The Palaces in Seoul are also different from Bangkok. Instead of fury of brightness, there is a solemn sobriety of straight lines and monotonous colours. The Gyeongbokgung palace is, in particular, a maze of walls and courtyards. There are no (or very few) rooms. It is even more open than the temples or ancient family houses in Kerala. Wondering around under the drizzling rain I could not help wondering what did the ancient Koreans do in winter? Seoul is not in tropics. I saw very little covered space in that palace (a bit more in others). Was it a summer palace? I still don’t know, but if it was not – I sympathize.

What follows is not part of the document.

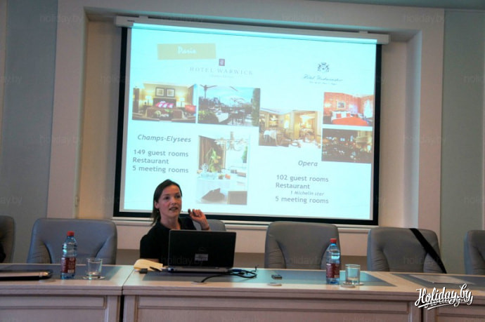 Хорошая гостиница – неотъемлемая часть запоминающегося отдыха. Поэтому «Вояжтур» выбрал для сотрудничества сеть отелей Warwick и пригласил для презентации этой компании регионального представителя Шарлотт Мартене: «Первый отель был построен в 1980 году в Нью-Йорке. Теперь по всему миру их 58. Во Франции отелей несколько, и все они отличаются своим неповторимым духом и безупречным качеством обслуживания. Поскольку фирма «Вояжтур» наш эксклюзивный партнер в Беларуси, мы гарантируем самые низкие цены на бронь номеров через это агентство».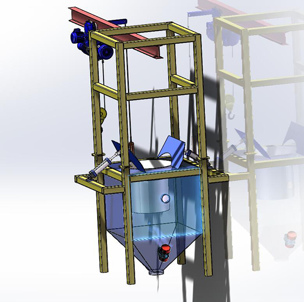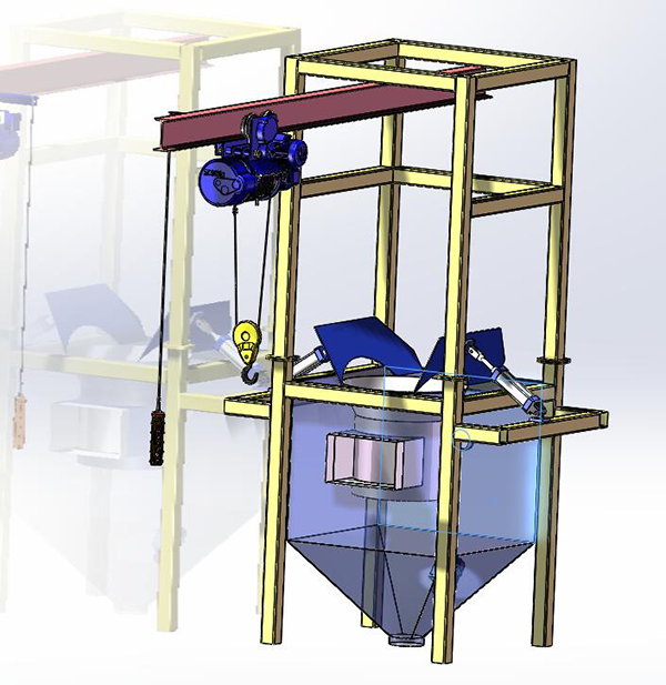下料倉:上部配有圓形變徑可使物料袋下料口更好的對準料倉中心並加快物料下落速度。中間部分配有手動解繩的工作門。下部與目標倉法蘭連接(也可增加橡膠軟連接與目標法蘭對接)。對比A型拆包機B型拆包機在此部位加大了料倉的容積並預留了除塵引風口。

After getting out from one of the Palaces, I decided not to wait for the next tour bus, but walk to the next bus stop. It looked so close on a map – just across the road. Well, if I thought it would be easy, I was so wrong! I have never been in a situation when I was in a middle of the city and I could not cross the street. I would definitely not recommend a jaywalking in Seoul to anyone. In front of me there was an 18-lane highway somehow marked on my map as a street. After spending good thirty minutes running back and forth trying to find just how to cross the ‘street’ I gave up and went to wait for my bus. There were hardly any people. Throughout the whole day, I haven’t met anyone who spoke even passable English (including a tour guide and people in the tourist information office) with the exception of the girl at the tourist information desk at the airport. I have to say that to me it looked like all Koreans move only by car. I hardly saw any pedestrians. Most of the roads I saw were wider and more congested than highways around Toronto. Of course, I saw only a very little part of Seoul, but it did not feel like home.

What can I say about Seoul? I can’t say I liked it. It was OK, but it is definitely not on the list of top twenty places I would like to go. The experience of being there had nothing in common with overwhelmed excitement of being in Bangkok.